The Central School for the Deaf (東京都立中央ろう学校, Tōkyō Toritsu Chūō Rōgakkō), formerly the Tokyo School for the Deaf (東京都立ろう学校, Tōkyō Toritsu Rōgakkō), is a public school for the deaf in Shimotakaido, Suginami, Tokyo, managed by the Tokyo Metropolitan Board of Education. It was the first Deaf educational program to be established in the eastern capital during the Meiji period.

==History==
The Tokyo School for the Deaf was established in 1880. Initially, the school adopted a manual teaching method, despite international trends towards oralism. In 1897, the director was Shinpachi Konishi.

In 1915, alumni of the Tokyo School for the Deaf founded the Japanese Association of the Deaf. This organization was the precursor of the Japanese Federation of the Deaf.

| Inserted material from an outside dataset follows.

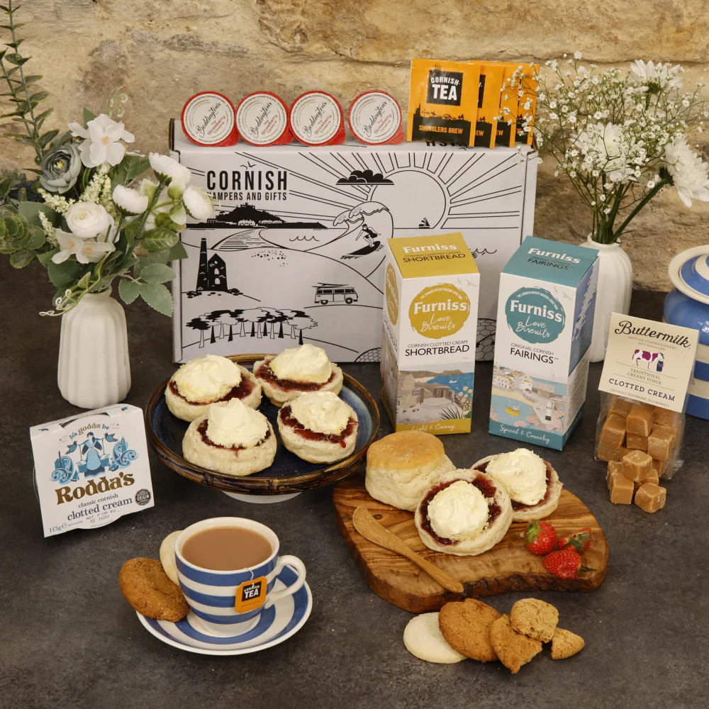 Experience the essence of Cornwall with our Cream Tea Hampers, available for delivery throughout the UK. We meticulously curate our hampers with premium products sourced directly from Cornwall, guaranteeing exceptional quality and authenticity. Ideal for any occasion, our Cornish cream tea hampers offer a delightful treat at any time.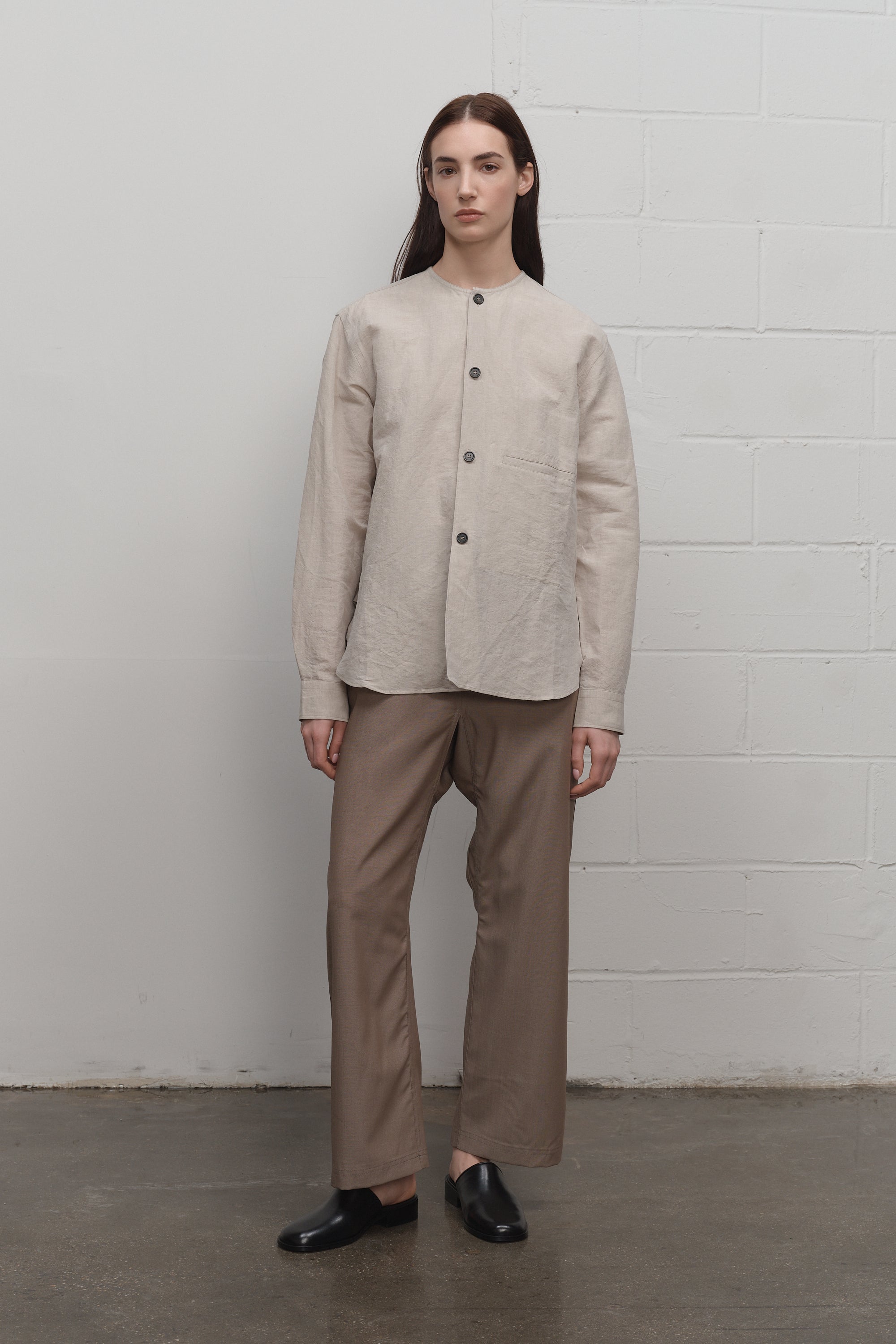 Collarless long sleeve overshirt with full front button closure. Features a single front pocket, box pleat at back yoke, and a rounded hem.

By the 1930s, the institution had grown to include an elementary school, a middle school, and a training department. The training department was intended for the training of those who planned to be teaching the Deaf.

==Program==
Currently, the Central School for the Deaf serves students in two Tokyo venues: Shakuji Campus (石神井校舎) in Nerima and Otsuka Campus (大塚校舎) in Toshima. Otsuka is now Tokyo Otsuka School for the Deaf.

In September 2010, some of the Tokyo faculty and students begin participating in an exchange program with their counterparts at Rochester School for the Deaf in Rochester, New York.